Most familiar Antarctic animals are coastal birds, especially penguins such as the emperor penguin, Adélie penguin, rockhopper penguin, king penguin, chinstrap penguin, and gentoo penguin. The beautiful White Snow Petrel is one of only three birds that breed exclusively in Antarctica and the only bird sighted at the South Pole. All of these birds survive due to their ability to fly over the northernmost ice floes during the harsh Antarctic winter. During the summer, the Antarctic coast is tolerable, reaching temperatures between 5°C and 15°C (41°F and 59°F). Large colonies of penguins can be seen covering small coastal islands, basking in the sun.
The waters around Antarctica are surrounded by numerous animals, including squid, crabs, icefish, krill, prey fish, elephant and leopard seals, giant petrels and Antarctic terns, humpback and killer whales, and many more. Although penguins nest on land, they spend most of their lives and get all of their food from water. Some of the animals around the Antarctic coast exhibit polar gigantism, a property whereby animals tend to get larger as they move away from the equator. Search teams have found starfish and crabs more than two feet in diameter. This is a great example of Bergmann’s rule, a generality that states that animals get bigger the closer you get to the poles.

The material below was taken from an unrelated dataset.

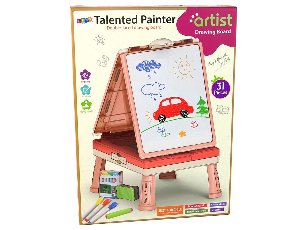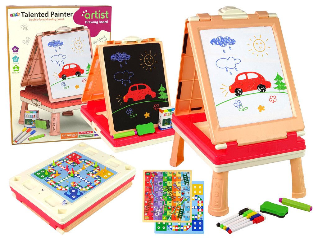 Táto multifunkčná doska je jedinečná hračka, ktorá poteší nielen umelcov, ale môže byť aj vzdelávacou pomôckou pre malých výskumníkov. Vďaka ružovej farebnej kombinácii sa perfektne hodí do detskej izby.

The last of the Antarctic animals is the familiar man, Homo sapiens, whose population reaches 4,000 during the summer months when researchers come to do fieldwork and occasionally bring their families too. About 70 research bases are maintained on the continent, producing substantial scientific returns for the large investments required to ship supplies. Some of the biggest draws for researchers are unique fossils found on the slopes of the Antarctic mountains, McMurdo Dry Valleys, ghostly gravel valleys in the interior of Antarctica, the Antarctic Plateau free of electromagnetic interference and light pollution, used as a site for telescopes and neutrino observatories, and Lake Vostok, a subglacial lake that was sealed under the ice sheet for 500,000 to more than a million years.